(Extracted data)
-----

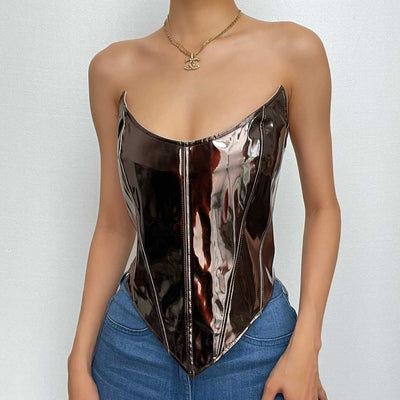 Halter PU leather zip-up backless v neck corset crop top
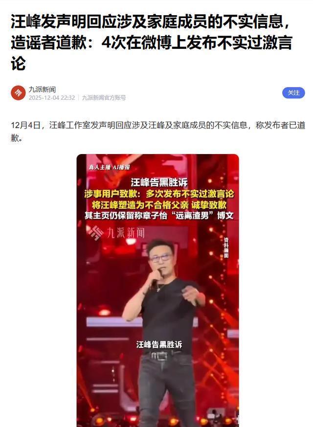 这一判决结果大快人心。 当日,该用户便公开发表致歉信。 言辞恳切,希望能获谅解。 承认自己“未经核实发布不实言论,将汪峰塑造为不合格父亲,严重损害其社会形象”,并表示会永久删除相关内容。
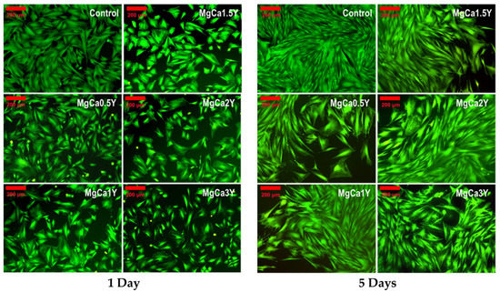 Figure 9 shows the observation performed by fluorescence microscopy on fibroblast cells density and morphology, coincubated with the studied alloys, for 1 day and 5 days. It is observed that after 1 day the cell density evidenced for the alloys is lower than that of the control-wells (i.e., negative control, containing only cells without metallic samples). Moreover, different cell morphology is observed, in the sense of an elongated aspect with bipolar morphology in areas with greater cell density, and a polygonal morphology with wide lamellipodia cytoplasmic processes in areas with low cell density. Furthermore, polygonal morphology was observed towards the center of the well and in the immediate surrounding area of the insert membrane where cell density was lower. Different cell morphology can also be attributed to different concentrations of Ca, Mg, and Y ions in the well microenvironment, knowing that Ca is associated with a structural role in the reorganization of cytoskeleton elements [62], whereas the accumulation of Mg ions over a certain limit may have an inhibitory effect [63]. However, it should be noted that all of the physico-chemical processes taking place during the degradation process of Mg alloys depend on the microenvironment conditions [64] and, from this point of view, under amicroenvironment governed by active transport processes (as is the case of the in vivo degradation), these physico-chemical phenomena may be very well balanced and the results of in vivo biodegradation and osteointegration are somehow optimal. Accordingly, in order to prove the biocompatible behaviour of the studied Mg-alloys a pending in vivo study is expected to clarify this concern.
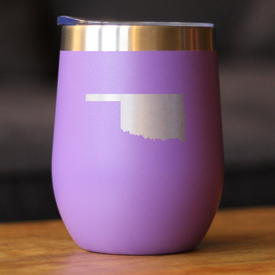 Oklahoma State Outline - Wine Tumbler Glass with Sliding Lid - Stainless Steel Insulated Mug - Oklahoma Gifts for Women and Men Oklahomans ‐ Purple
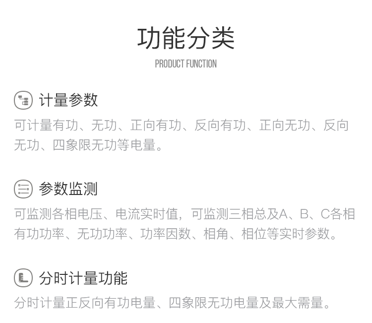 ① 计量参数:可计量有功、无功、正向有功、反向有功、正向无功、反向无功、四象限无功等电量。
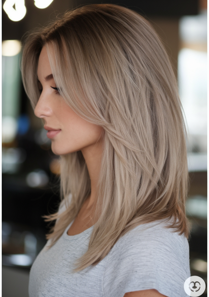 Soft yet dimensional, this tousled cut features long blonde layers with barely-there bangs that melt into the face-framing pieces. The texture is loose, airy, and romantic—perfect for a casual spring brunch or sun-drenched weekend getaway. This look feels carefree yet put-together, embodying that “rolled out of bed, still looks amazing” energy. It works best for women with natural waves or those willing to add a bit of curl with a wand for beachy separation.
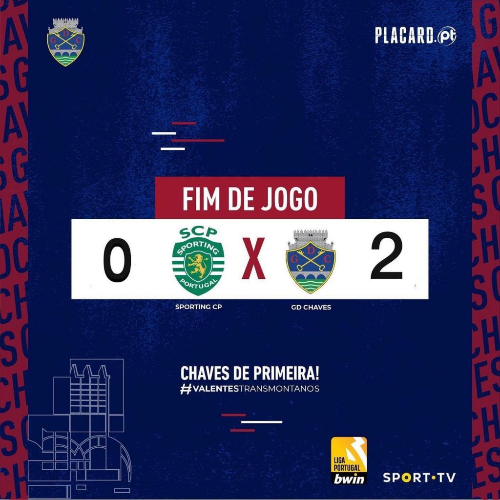 Liga Portugal Bwin Sporting CP 0 GD Chaves 2 Em partida da 4.ª jornada, o Desportivo triunfou em Alvalade, por 0-2, naquele que foi o primeiro triunfo da sua história na casa do leão. #valentestransmontanos
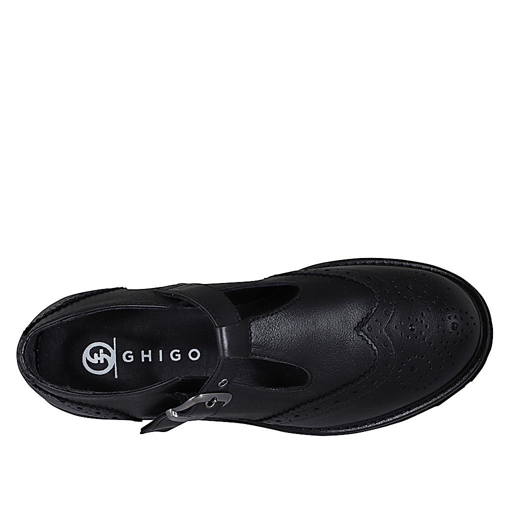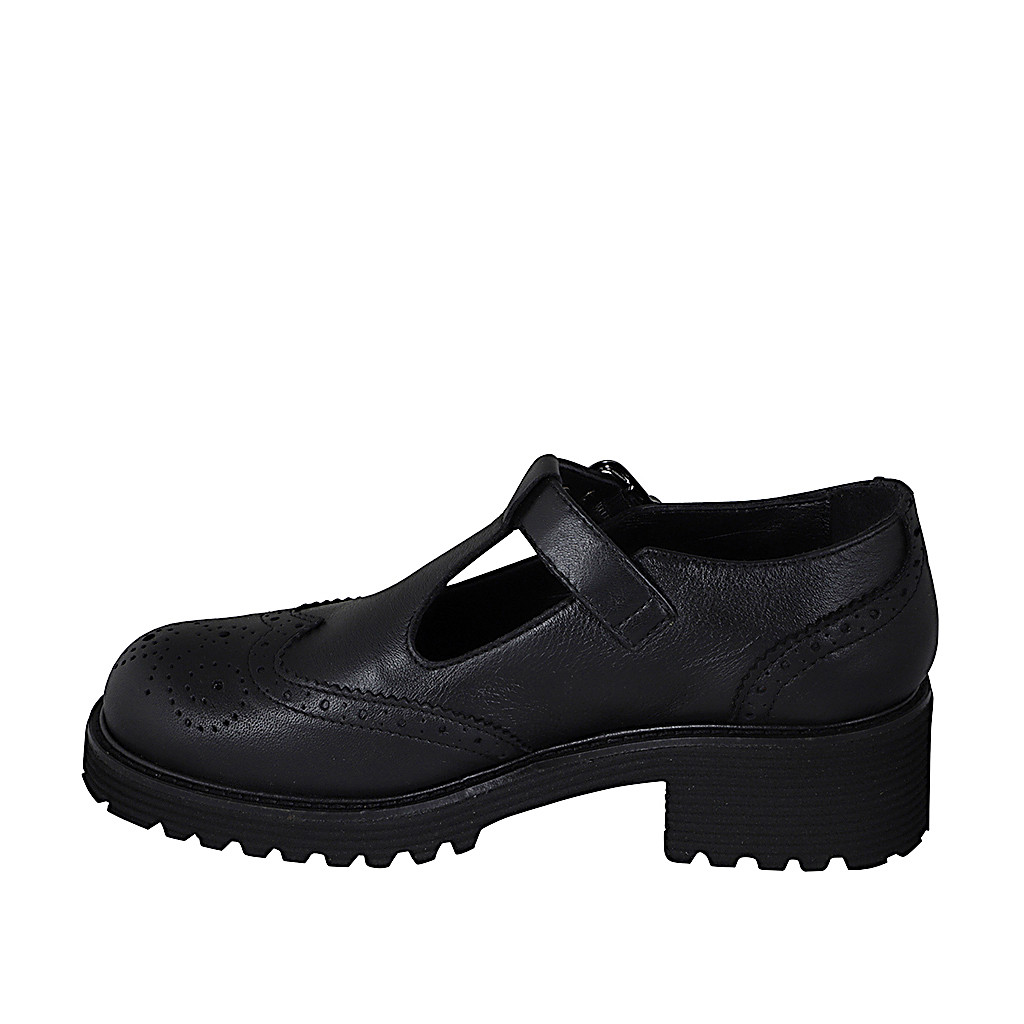 Zapato Mary Jane con cinturon charleston y punta de ala para mujer en piel negra tacon 5
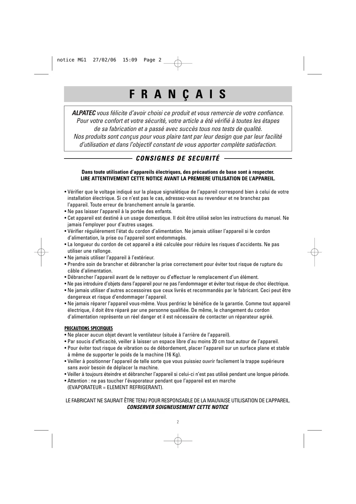 Retrouvez gratuitement la notice de l'appareil MG 1 ALPATEC au format PDF.
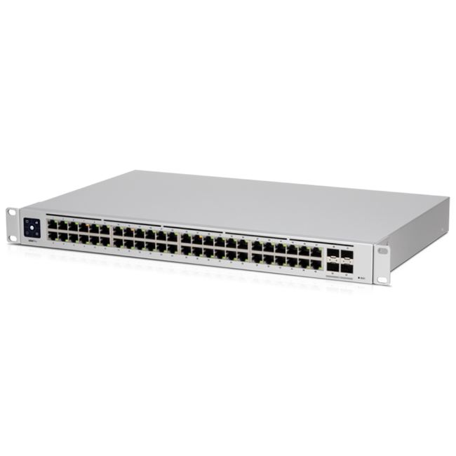 UniFi Switch 48 PRO – управляемый коммутатор, обладающий 48 гигабитными Ethernet-портами и 4 10-гигабитными портами SFP+. В дополнение к Layer 2, коммутатор предлагает функции Layer 3, такие как маршрутизация Inter-VLAN, статичная маршрутизация и функциональность DHCP-сервера.
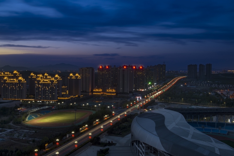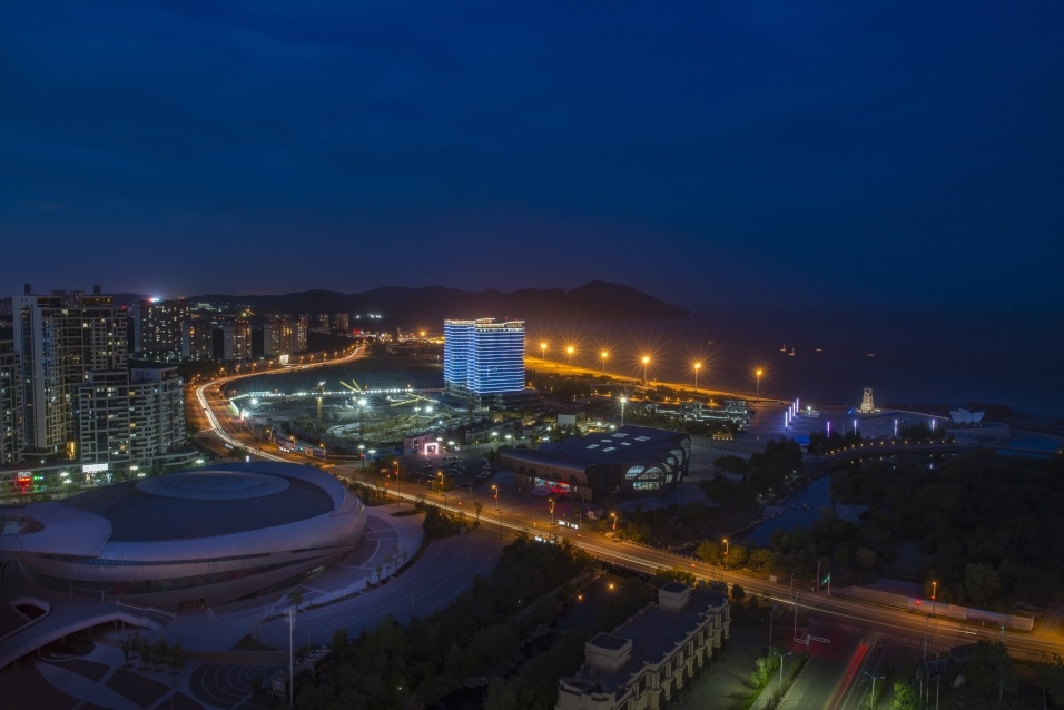 《璀璨濱城》系列攝影作品拍攝于葫蘆島市龍港區中央商務區、龍回頭景區及海辰路,夜色下的龍港燈火璀璨。

-----

(Work order) Quote, exactly and only, the lines from the first line of the data above through the line containing "这一判决结果大快人心。 当日,该用户便公开发表致歉信。 言辞恳切,希望能获谅解。". The pictures do not belong in it.

(Exercise response)
 Halter PU leather zip-up backless v neck corset crop top
 这一判决结果大快人心。 当日,该用户便公开发表致歉信。 言辞恳切,希望能获谅解。 承认自己“未经核实发布不实言论,将汪峰塑造为不合格父亲,严重损害其社会形象”,并表示会永久删除相关内容。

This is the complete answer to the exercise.